SIA hatte die 18 Stunden und länger dauernden Nonstop-Flüge vom Changi Airport nach Newark sowie die etwas kürzere Route nach Los Angeles 2013 eingestellt. Die Kerosinpreise waren zu hoch und die dafür eingesetzten vierstrahligen A340-500 daher so teuer, dass die Route nicht kostendeckend betrieben werden konnte. Und Goh stellt gleich klar: „SIA würde nie irgendwohin nur aus Prestigegründen fliegen, etwa um die längste Flugroute der Welt zu haben. Es muss immer kommerziell sinnvoll sein. Mit der A350-900ULR wäre die Nonstop-Route in die USA auch bei höheren Kerosinpreisen derzeit wirtschaftlich zu betreiben.“
Die A350-900 wird neben der gegenwärtigen Langstrecken-Basisversion mit 253 Sitzen gleich in zwei weiteren Versionen in die SIA-Flotte integriert. „Es ist klar, dass die ULR weniger Sitze haben wird als die reguläre Version, und dann wird es auch noch die Regionalversion mit mehr Plätzen geben“, so Goh. Interessanterweise kann die ULR-Version problemlos wieder in die -900er-Basisversion zurückverwandelt werden, indem einfach ein Teil der Tankkapazität stillgelegt wird. Anders als andere Ultralangstrecken-Flugzeuge verfügt die A350-900ULR nicht über größere oder zusätzliche Tanks, vielmehr nutzt sie einfach die vorhandenen Kapazitäten bis zum Maximum aus.

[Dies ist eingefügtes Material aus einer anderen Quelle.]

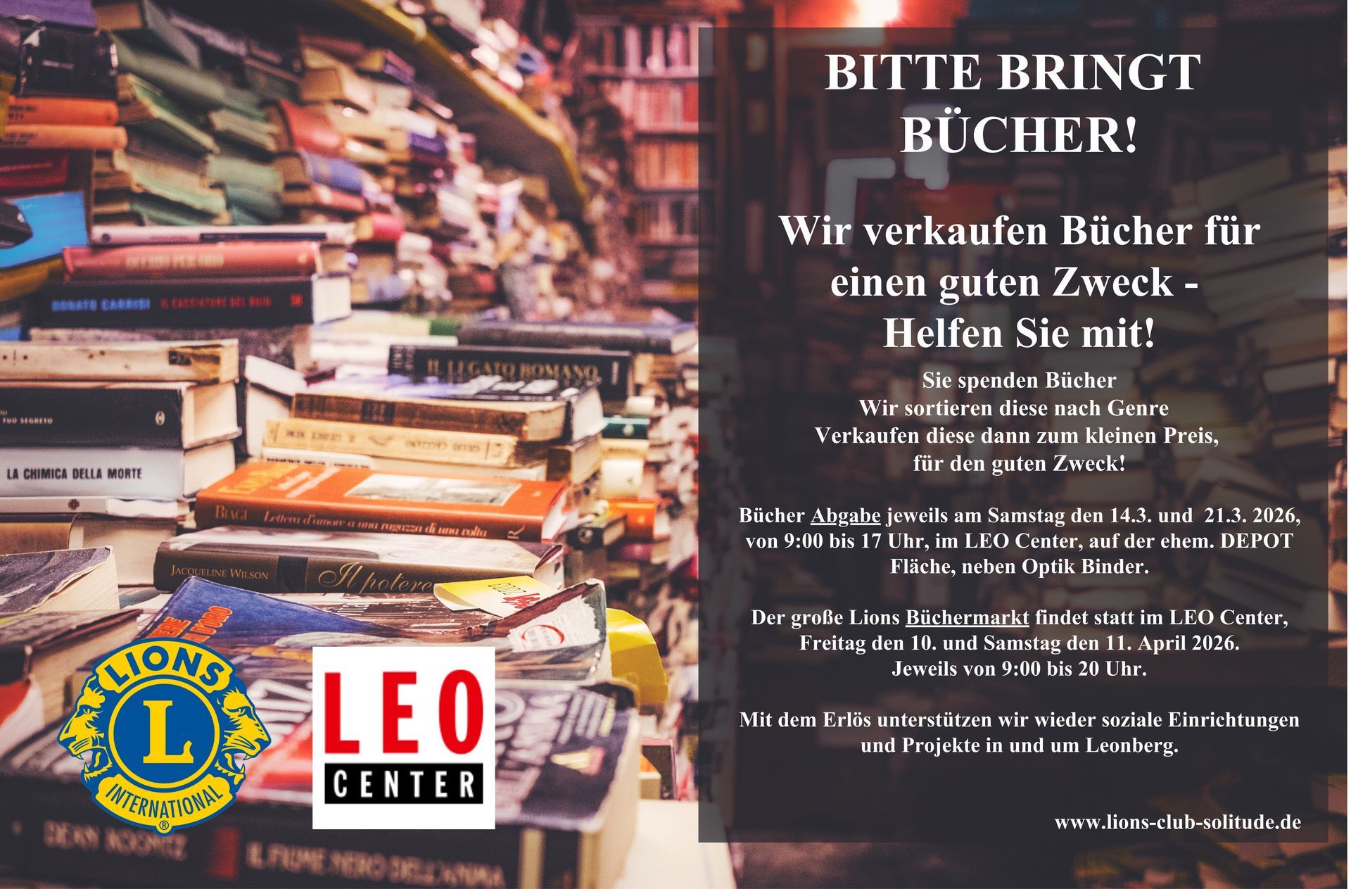 Schon war die Idee geboren, einen Büchermarkt für alle einzurichten. Einmal im Jahr, meist um Ostern herum, stellt uns das Leo-Center-Management Räume kostenlos zur Verfügung, in dem wir an drei Samstagen hintereinander Bücherspenden annehmen. Wir Lions mit unseren Partnerinnen und mit Unterstützung der Leos sortieren mit großem Zeitaufwand die Bücher, welche dann nach Sachthemen auf Verkaufsinseln aufgebaut werden.An zwei Tagen verkaufen wir die Bücher zu extrem günstigen Preisen. Ein gebundenes Buch kostet € 2,00 und fünfzehn kosten nur noch € 20,00. Es gibt Taschenbücher, gebundene Bücher und Bildbände zu unterschiedlichen Staffelpreisen. Dass es sich zu stöbern lohnt, hat sich schon herumgesprochen. Beim Verkauf ist schon ab 9:00 Uhr Hochbetrieb, der erst gegen Abend nachlässt. Im Jahr 2019 werden wir die gesammelten Bücher am Freitag, 26. April und Samstag, 27. April verkaufen.

Aber das liegt alles noch recht weit in der Zukunft, aktuell hat die Einführung der A350 Priorität. Sie wird bis zu 25 Boeing 777-200 und -200ER und 29 A330-300 ersetzen, von denen die A330 alle geleast sind. „Gegenwärtig haben wir etwa 40 Piloten, die qualifiziert sind, die A350 zu fliegen – alle umgeschult von der A330 dank des gleichen Type Ratings“, erklärt SIA-A350-Chefpilot Paul Ho. „Am Ende des Jahres, wenn wir elf A350 bekommen haben, werden wir über etwa 100 Piloten verfügen“, so Ho. Das Kabinenprodukt entspricht den jüngsten Boeing 777-300ER von SIA, die auch täglich Frankfurt bedienen, mit kleinen Verbesserungen. Als Erfolg für SIA erwiesen hat sich die neue Premium Economy Class bei einer Reduzierung der Sitzanzahl in der Economy Class. Faktisch bedeutet dies, dass die Asiaten das billigste Marktsegment zunehmend den Golf-Gesellschaften überlassen. „Wir reagieren darauf, was uns unsere Kunden sagen“, kommentiert der CEO.
SIAs Premium Economy, ausgestattet mit Sitzen des deutschen Herstellers ZIM, der auch die Premium-Economy-Sitze für Lufthansa liefert, mutet recht luxuriös an und punktet mit einem Sitzabstand von 96,5 Zentimetern sowie Champagner als Teil des Bordservices.
Mit der großen 777 ins winzige Wellington
Von entscheidender Bedeutung gerade für SIA als Erstkunden ist seit der Einführung 2007 die A380. „Wir haben derzeit 19; neun davon sind geleast. Wir bekommen ab der zweiten Jahreshälfte 2017 die ersten von fünf weiteren neuen A380“, erklärt Goh. „Wir haben noch nicht endgültig entschieden, ob wir dafür fünf ältere abgeben oder die Gesamtflotte der A380 vergrößern.“
Klar ist aber, dass die nächsten SIA-A380 über völlig neue First- und Business-Class-Kabinen verfügen werden. „Das wird noch großartiger als unsere bisherigen Produkte“, rührt der CEO die Werbetrommel. Ab 2018 erhält SIA ihre ersten Boeing 787, nachdem alle zuvor bestellten an Scoot geliefert wurden. Insgesamt 30 Boeing 787-10 hat SIA bestellt. „Sie sind etwas größer als die A350 und werden auf regionalen Strecken die 29 Airbus A330 ersetzen.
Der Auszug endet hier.